According to the monthly employment report recently released by the Department of Labor, the U.S. Leisure & Hospitality sector gained 355,000 jobs in February and the industry's unemployment rate now stands at 13.5%—compared with 379,000 jobs gained and a 6.2% unemployment rate for the overall economy.
Even with the progress made with vaccinations, U.S. Travel Association President and CEO Roger Dow says it's far from clear when travel demand will be able to rebound on its own and the while the report shows travel industry jobs heading in the right direction, "the fact remains that the Leisure & Hospitality sector's total jobs are still at just 80% of the levels we saw last February—a staggering figure. The travel industry lost millions of jobs last year, accounting for nearly 40% of all jobs lost," Dow explained.

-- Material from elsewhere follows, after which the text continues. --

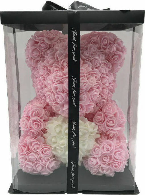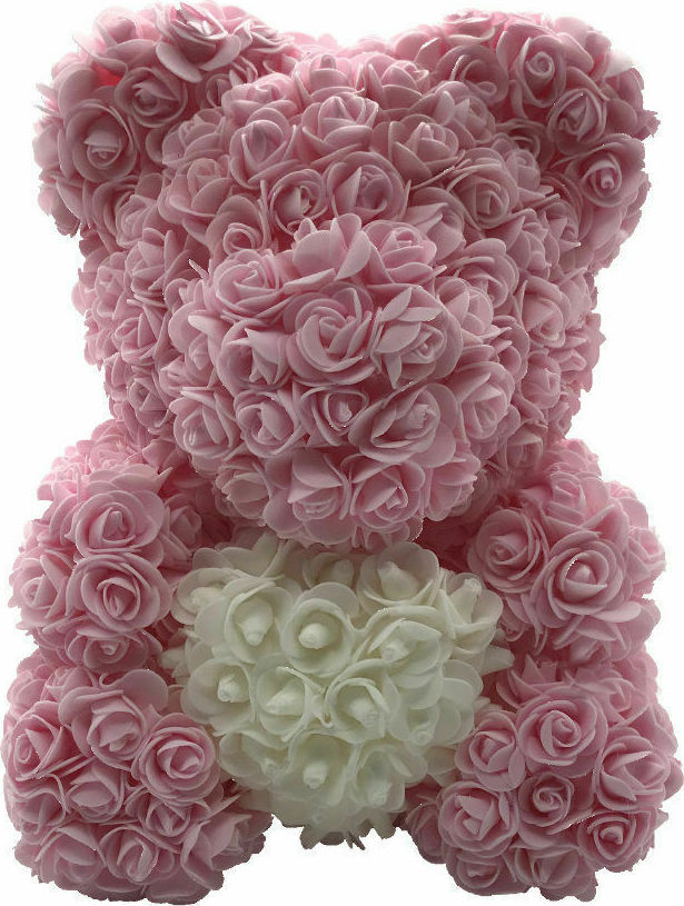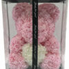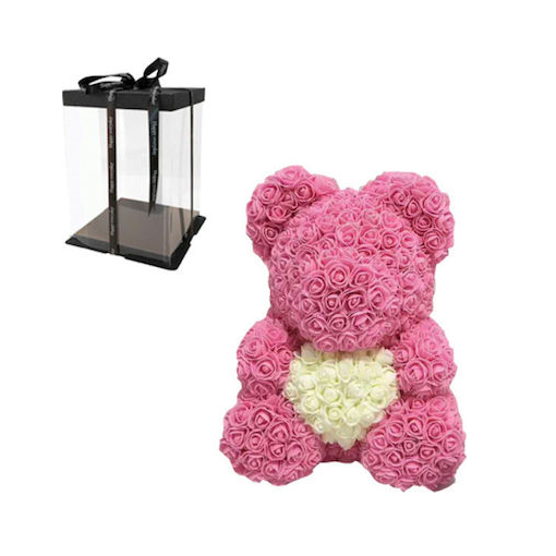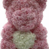 Αρκουδάκι από Τριαντάφυλλα Ροζ με Λευκή Καρδιά 40cm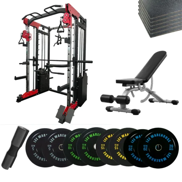 Smith machine gym package with adjustable bench, bumper plates, barbell, and floor mats.

Thankfully, some progress in terms of relief for the industry is being made. On March 11, President Biden signed the American Rescue Plan Act of 2021 (a $1.9 trillion COVID-19 relief package) into law. The package includes much-needed federal assistance and substantial support to aid the travel industry's recovery.
This news comes on the heels of the CDC issuing new guidance for fully vaccinated people, offering insight into activities that people who are fully vaccinated against COVID-19 can safely resume. Though at the time of publication of this article, the CDC has yet to release guidance specific to travel for fully vaccinated people.
There's additional cause for optimism though, as plans for future travel are on the rise. A recent Longwoods International tracking study of American travelers indicates that 81% of travelers plan to travel in the next six months, an increase of 16 percentage points since mid-January and the highest level since the beginning of the pandemic last March.